- People with obesity are at greater risk of developing chronic kidney disease due to the structural and functional changes of the kidney
- A particular cellular receptor (CB1R) in renal proximal tubular cells (RPTCs) causes kidney damage
- Targeting the receptor (CB1R) can protect individuals with obesity from chronic kidney failure
Obesity leads to kidney damage or renal failure and the mechanism behind this development has been understood, reveals a new study.
The findings of this study appear in an issue of the Journal of the American Society of Nephrology (JASN). The research team points toward a possible target for protecting the health of the kidneys in individuals with obesity.
The structure and function of the kidneys change due to obesity, and this explains why people with obesity are at greater risk of developing chronic kidney disease, and its progression leads to renal failure.

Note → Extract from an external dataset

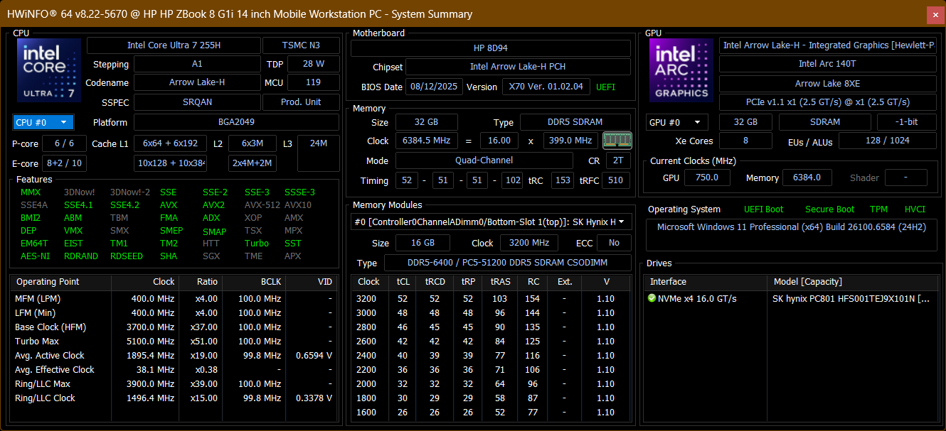 HP ZBook 8 G1i 14 Arc 140T, Ultra 7 255H, SK hynix PC801 HFS001TEJ9X101N | HP ZBook Firefly 14 G11 RTX A500 Laptop GPU, Ultra 7 165H, Kioxia XG8 KXG80ZNV512G | Lenovo ThinkPad P14s Gen 6 21RV0017GE Radeon 890M, Ryzen AI 9 HX PRO 370, SK hynix PC801 HFS001TEJ9X162N | HP ZBook Ultra G1a 14 Radeon 8060S, Ryzen AI Max+ PRO 395, WDC PC SN810 2TB | Dell Precision 5000 5490 NVIDIA RTX 3000 Ada Generation Laptop GPU, Ultra 9 185H, Kioxia XG8 KXG80ZNV1T02 | |

The study was lead by Joseph Tam, DMD, Ph.D., and Ph.D. student Shiran Udi, MSc from the Institute for Drug Research, The Hebrew University of Jerusalem, Israel.
The research team investigated the kidney cells, which are responsible for the reabsorption of nutrients and allowing other substances that have no nutritional value to be excreted in the urine.
These renal proximal tubular cells (RPTCs) are particularly susceptible to the accumulation of lipids (fat), an effect known as lipotoxicity.
Development of Renal Injury can be Reduced
The role of endocannabinoids, lipid molecules, which act on a particular cellular receptor (CB1R) in RPTC lipotoxicity has been reviewed by the research team.
The mice experienced less obesity-induced lipid accumulation in the kidney, less kidney dysfunction, injury, inflammation, and scarring, especially in those that lacked expression of the receptor in RPTCs.
The molecular signaling pathway revealed by the research team was involved in mediating the CB1R-induced kidney injury and lipotoxicity in RPTCs.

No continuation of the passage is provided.